Here is what observers say about the impact of the biggest changes:
• Spending caps: Supporters such as Fraser hail the prohibition on increases in discretionary spending from 2006 through 2010 as a crucial step to rein in spending.
The Center on Budget and Policy Priorities estimates that if defense, homeland security and international affairs are funded at the levels proposed by the president, “by 2010 the rest of discretionary spending will need to be cut by 16 percent” to stay within the spending caps.
One reason is that from 2008 through 2010, the defense and non-defense spending (except for highway and mass transit) would be in the same category in the budget, notes OMB Watch. Defense spending is expected to continue rising. The result, says OMB Watch: “The remaining discretionary programs will be forced to fight for a proportionally decreasing slice of the pie with the military.”

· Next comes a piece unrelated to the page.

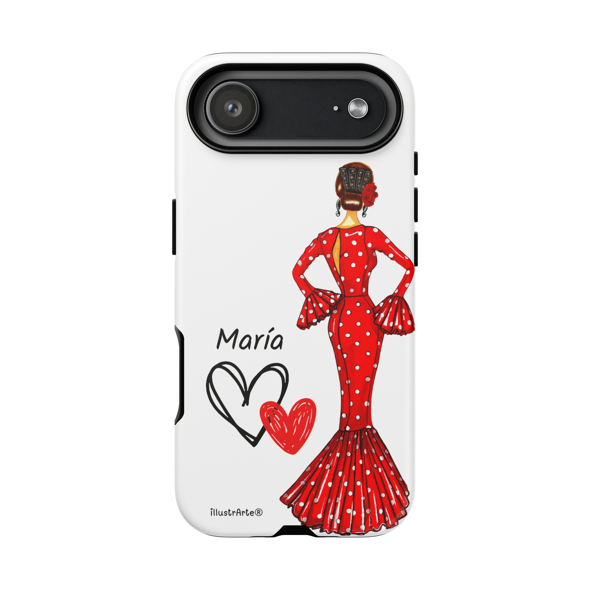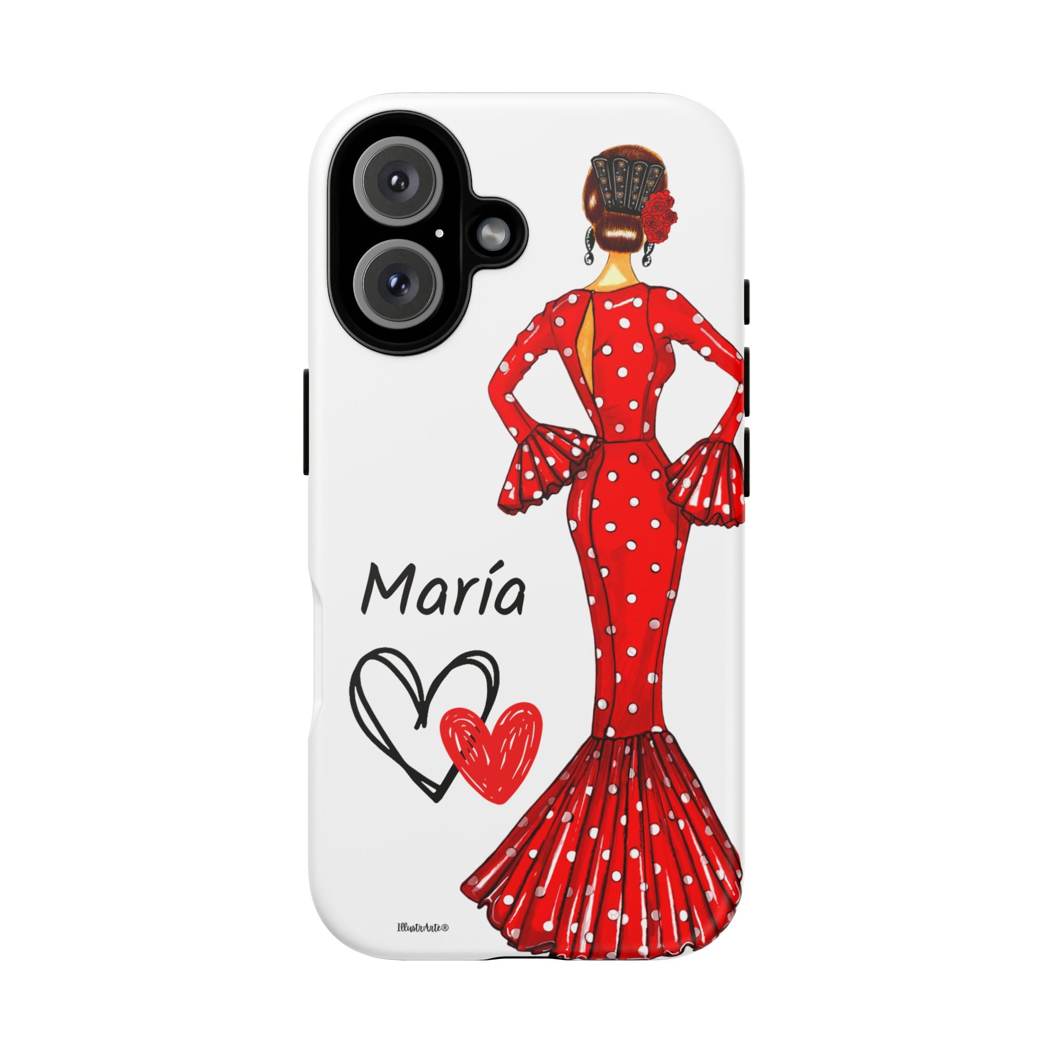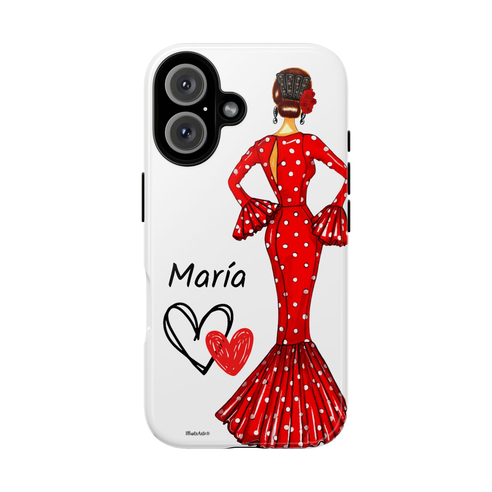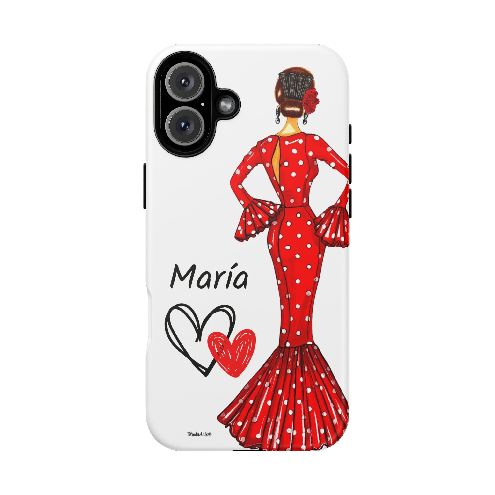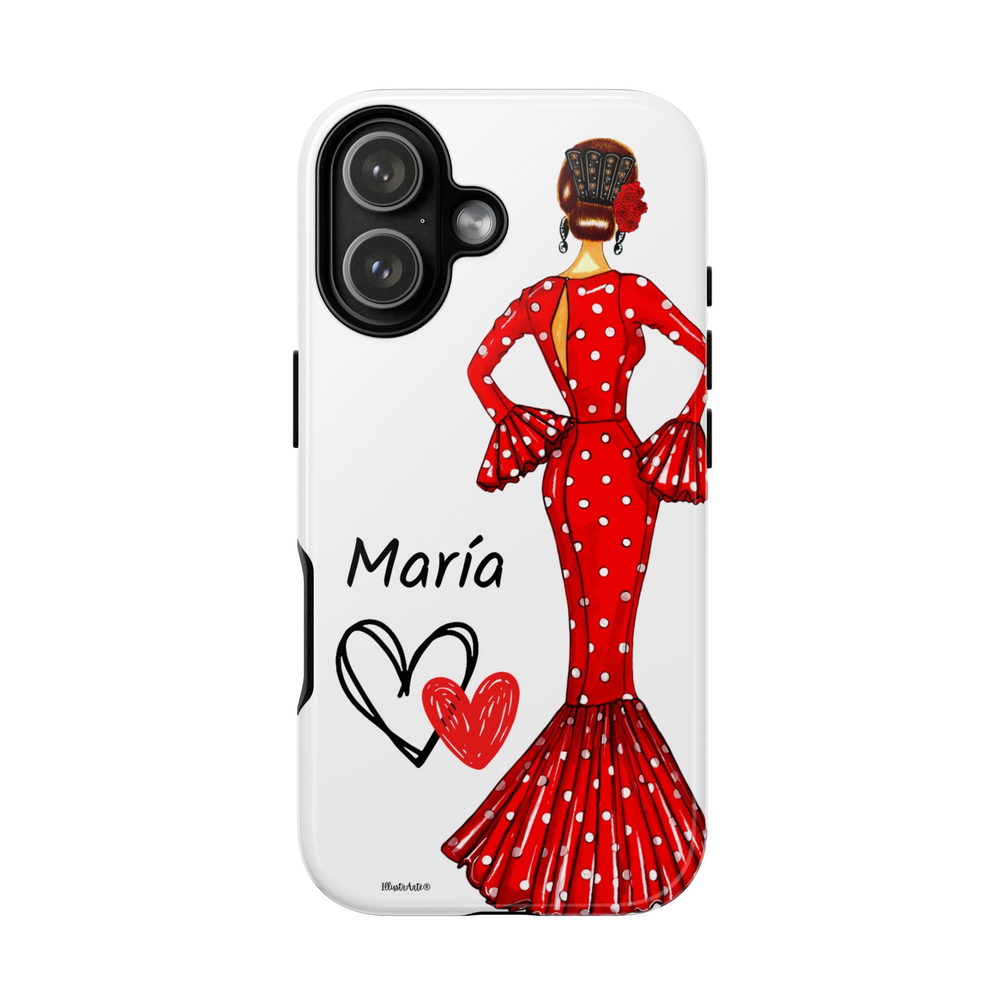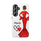 Transforme a aparência do seu dispositivo com nossa incrível capa de telefone personalizável , projetada para iPhone, Samsung Galaxy e Google Pixel. Apresentando a adorável flamenca Maria e seu elegante vestido vermelho, esta capa não só realça o seu estilo pessoal, mas também oferece proteção sólida e duradoura. Cada vez que você receber uma ligação ou mensagem, você sentirá que seu telefone reflete sua essência única.

“The caps are extraordinary,” marvels Ron Haskins, a senior fellow specializing in economic studies at the Brookings Institution, who spent 14 years on the staff of the House Ways and Means Human Resources Subcommittee. “They would have tremendous bite in the out years, so much so that I doubt that Congress could do it.”
• PayGo: The Clinton administration enacted a policy that required new spending proposals to find their funding through savings in other areas of the budget, such as cuts, or through new revenue sources, such as closing tax loopholes or raising taxes. The Bush version comes with a big difference: Don’t touch taxes.
“The only option for increasing funding for mandatory programs under this proposal,” says OMB Watch, “would be decreases in funding for other mandatory programs, once again pitting programs serving low- and moderate-income America – such as unemployment insurance, Food Stamps and Medicaid – against each other.”
• Flexible funding to states: Medicaid would become a block grant to the states, which would get greater flexibility in how they spend the federal funds. Opponents fear this would remove federal guarantees on who gets Medicaid, as states might change eligibility requirements or otherwise shift funding priorities. And if Medicaid costs rose rapidly, as they sometimes do, people would be dropped from the program because the federal government wouldn’t provide any more money.
“Millions of children may face the loss of coverage entirely or the loss of benefits they get through coverage,” says Little of CDF. The budget would also cut Medicaid funding by $60 billion over the next five years, and add about $14 billion in new spending, including $1 billion in outreach to include more children in Medicaid or the State Children’s Health Insurance Program.
Medicaid changes could affect youth in child welfare, says Nixon of the National Foster Care Coalition, because some states use Medicaid funds for targeted case management services, such as substance abuse treatment, for foster youth.
The budget also proposes a form of block grant for foster care funding, allowing states to accept a cap on federal funds for the next five years in exchange for greater flexibility in how that money is spent.
Nixon says that’s not such a bad idea, “if we could guarantee that the federal government would maintain its fair share and keep in place backup dollars in case there was a big spike in the foster care population,” and if Washington would “maintain a role in accountability and monitoring” of how states spend the money. That, she thinks, is unlikely.